By Paul Homewood
A timely intervention by Dr John Constable:
Hydrogen is dangerous; hydrogen is safe; hydrogen is cheap; hydrogen is very expensive; hydrogen is old hat; hydrogen is the future. Hydrogen is… all things to all men, and every one of these contradictory claims is more or less true from some perspective. Whatever hydrogen is, it is a very buoyant gas and makes for the perfect climate political football. Indeed, the authentic promise of hydrogen is rapidly becoming the victim of failing green policies.
As renewables run into the thermodynamic sands all over the world, desperate advocates are covering up their disastrously bad advice by calling for still more ambitious, Net Zero emissions targets. To make these extreme demands look plausible hydrogen is invoked as an energy carrier for those sectors where it is most difficult to create the appearance of decarbonisation.
The United Kingdom is a good example of the emerging European approach. The UK is planning to burn hydrogen rather than natural gas to generate electricity to balance and secure the unstable wind and solar system created by $12 billion a year in subsidy. Hydrogen will replace diesel for agricultural traction and for trucks, and will supply almost all industrial process heat. Converted to ammonia, hydrogen will replace bunker fuels for marine transport. And to ensure that domestic households don’t resort to resistive electric heating when their Ground and Air Source Heat Pumps fail to deliver on the coldest days of the year, every house will have a back-up hydrogen fuelled boiler.
For climate policy makers suffering from Net Zero headaches hydrogen is the universal aspirin. Take as many as you need, and lie down in a darkened room until the news cycle moves on.

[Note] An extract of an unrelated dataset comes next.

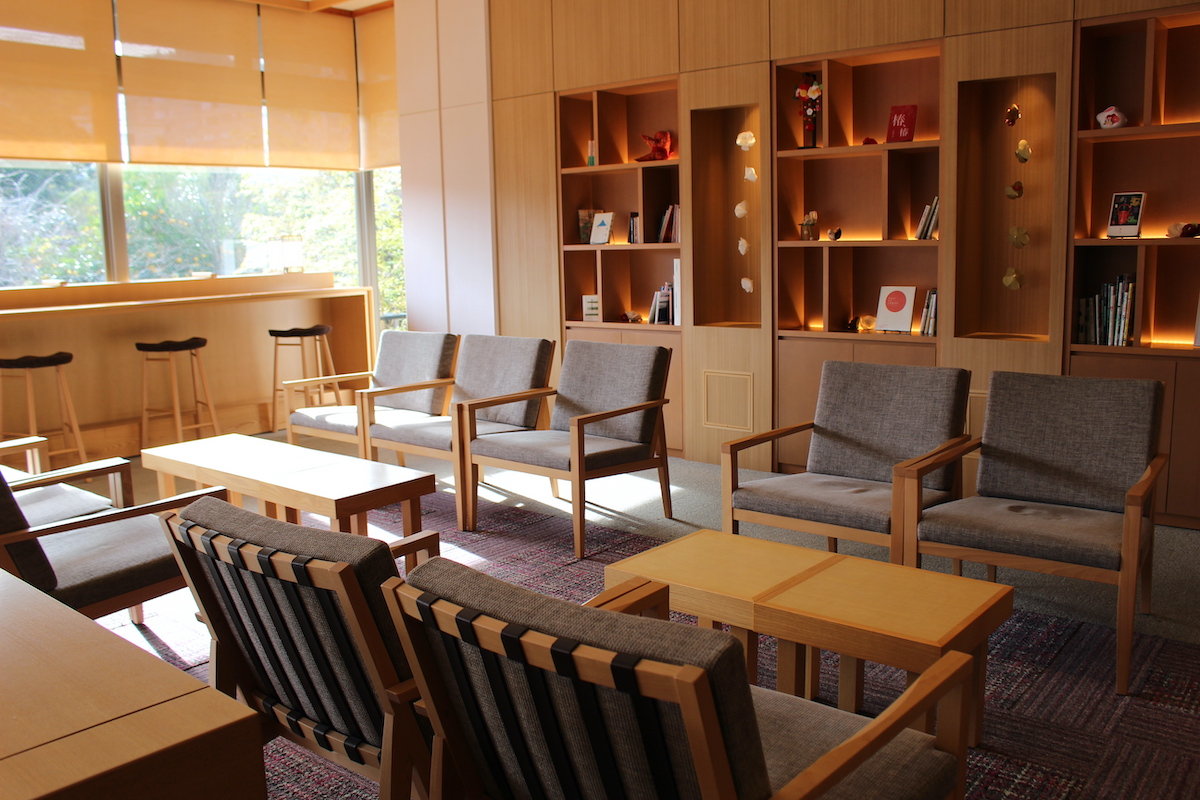 ロビーとトラベルライブラリーが一体になった広々とした空間。なんとも上品でほぐれる香りがします。館内の数カ所で、「白檀(びゃくだん)」というお香が炊かれているんです。気に入ったらショップでも購入できます。

But this desperate face-saving haste means that hydrogen must be generated by two relatively unsophisticated commodity production processes, namely the electrolysis of water and the chemical reforming of natural gas using steam (Steam Methane Reforming). Both processes are acceptable if hydrogen is required for niche and non-energy purposes, but it is a plain foolish to suggest using them for the production of hydrogen as a society-wide energy carrier. There are four principal disadvantages.
Firstly, the costs will be huge. Steam Methane Reformers and electrolysers are expensive to build and to run, and electrolysers at least do not have long plant lives, implying a short capital refreshment cycle. To this we can add the replacement of end conversion devices and the establishment of hydrogen infrastructure, pipelines, and storage systems ranging from tanks to salt caverns.
Secondly, due to conversion and storage losses, hydrogen from electrolysis and SMR can never in principle compete economically with its own input fuels. The consumer will always be better served by using the electricity and natural gas directly. Consequently, there will be substantial competitive advantages for economies that do not hobble themselves with hydrogen.
Thirdly, Steam Methane Reforming emits large quantities of carbon-dioxide, compromising any Net Zero target unless the SMRs are equipped with Carbon Capture and Sequestration, which is expensive and currently unavailable at scale. Indeed, what the current hype around hydrogen reveals is that the global Net Zero targets are in fact critically dependent on methane – the UK plans to derive 80% of its annual 270 TWh of hydrogen from SMRs – and are therefore a gamble on Carbon Capture. But if CCS becomes viable, which is possible, it will be more effective to use the methane directly in Combined Cycle Gas Turbines with CCS, and supply the consumer with electricity, and there would be no reason to make hydrogen, with all its attendant costs, problems and dangers.
Finally, the production of hydrogen from both electrolysis and SMRs uses large quantities of clean, fresh water. The UK’s current hydrogen target would increase national water consumption by between 1 and 2 percent at a time when climate policy advisors are themselves predicting a constrained fresh water supply, with deficits in a quarter of the country’s resource zones towards mid-century.
This is clearly bad hydrogen. Is there a good hydrogen? Perhaps. As long ago as the early 1970s the physicist Cesare Marchetti, then EURATOM, persuaded the Japanese government that hydrogen might have a future as a universal energy carrier if it was generated from a very high quality energy source, such as high temperature nuclear reactors, and through the thermal decomposition of sea-water in the presence of a suitable catalyst. Japan continues to work quietly on this. But the nuclear and chemical engineering problems are of the first order, and results will not come quickly. But at least the concept has authentic physical promise.
Indeed, it is perhaps the only fossil-free energy future that also preserves human well-being. Those jeopardising that future by forcing rapid and sub-optimal adoption of hydrogen in order to prolong the current mal-engineered renewables farce should hang their heads in shame.
For more information about the cost, benefit and limits of hydrogen see John Constable’s new report Hydrogen: The Once And Future Fuel (pdf)
Constableneatly sums up the real reason behind the new found fervour for hydrogen. It is not because hydrogen has anything going for it. It is because the EU has boxed itself into a corner with its disastrous and ill thought out decarbonisation agenda.
Reality has finally dawned that renewable energy cannot do the heavy lifting, and now they have nowhere else to turn.
It reminds me of that song, “There was an old lady who swallowed a fly!”